It would be hard for the large multinational food companies to ignore the rapid innovation taking place in their industry. In fact, many of them are now starting to engage with startup companies trying to disrupt their industry to keep up with new technology and consumer trends.
Each company has slightly different priorities and opinions on how best to do this, a panel discussion revealed at the Future Food Tech Conference in New York City last week.
The panel participants were: Chobani, the yogurt maker that reached $1 billion in revenue just five years after being founded in 2005; PepsiCo, the global soda giant; and General Mills, the multinational food brands company.
Here’s a slice of what they said about their approach to food innovation and startups.
PepsiCo’s Zachary Ellis, external innovation & corporate venturing, detailed a diversified approach at the global soda company:
“We realized we couldn’t do everything ourselves. No one knows our business as well as we do, but there are even more clever minds outside the organization we can engage with. We engage regularly with [Venture Capital Firms], universities, startups, our supplier base, and investor networks.”
General Mills’ global nutrition & technology solutions manager & principal engineer Christine Ng talked about the multinational’s use of open innovation to engage external expertise and stay innovative.

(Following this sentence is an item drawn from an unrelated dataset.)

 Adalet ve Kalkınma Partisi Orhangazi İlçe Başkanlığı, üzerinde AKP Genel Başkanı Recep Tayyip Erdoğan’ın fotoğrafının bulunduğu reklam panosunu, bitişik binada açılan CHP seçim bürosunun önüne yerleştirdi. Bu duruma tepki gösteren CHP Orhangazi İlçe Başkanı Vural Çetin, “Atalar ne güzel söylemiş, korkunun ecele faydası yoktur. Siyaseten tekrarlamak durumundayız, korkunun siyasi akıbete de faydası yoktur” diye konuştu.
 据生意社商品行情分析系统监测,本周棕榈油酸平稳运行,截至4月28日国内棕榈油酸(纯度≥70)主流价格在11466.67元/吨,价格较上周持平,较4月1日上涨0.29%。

“I think with the fast-paced world that we’re in today, it is increasingly quite a daunting task to keep up with all the things going on so I think from an open innovation approach, it’s really [important] to leverage people with diverse backgrounds and see people with different disciplines to collect information from people outside the food industry – people who are doing great things in other technology fields and figure out how to actually leverage that. Over the last ten or twenty years, we’ve seen a lot of advances in the pharmaceutical industry and many other industries leveraging life sciences approached and many exciting innovations that may still apply to food.” –
Chobani has created its own incubator program to connect and promote startup businesses. Director of the program Jackie Miller said the business tries to maintain its startup ethos, despite the business being worth $3 billion to $5 billion, according to its most recent capital raising round in 2014.

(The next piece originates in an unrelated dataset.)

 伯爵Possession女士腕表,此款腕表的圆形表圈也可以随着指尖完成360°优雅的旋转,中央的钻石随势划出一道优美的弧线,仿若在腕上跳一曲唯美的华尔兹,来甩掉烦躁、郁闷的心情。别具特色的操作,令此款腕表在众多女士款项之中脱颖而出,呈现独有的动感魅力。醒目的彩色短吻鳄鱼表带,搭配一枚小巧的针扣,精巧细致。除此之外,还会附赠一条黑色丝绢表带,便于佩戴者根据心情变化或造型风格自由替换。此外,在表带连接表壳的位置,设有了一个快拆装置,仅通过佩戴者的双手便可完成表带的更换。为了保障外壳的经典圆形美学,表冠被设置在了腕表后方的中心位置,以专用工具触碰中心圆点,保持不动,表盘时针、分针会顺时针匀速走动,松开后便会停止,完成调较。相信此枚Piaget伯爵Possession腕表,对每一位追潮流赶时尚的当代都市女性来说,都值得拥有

“It’s been amazing. I think that because it’s such a top-down initiative… There is this pervasive culture of innovation, keeping that scrappiness, that startup DNA even as you grow. Even now we received over 500 applications to our next class… I have a committee of a dozen people internally who have been involved as mentors who are helping me go through these applicants and we have an incredible snapshot of all of the innovation archetypes in food and beverage product companies across the country.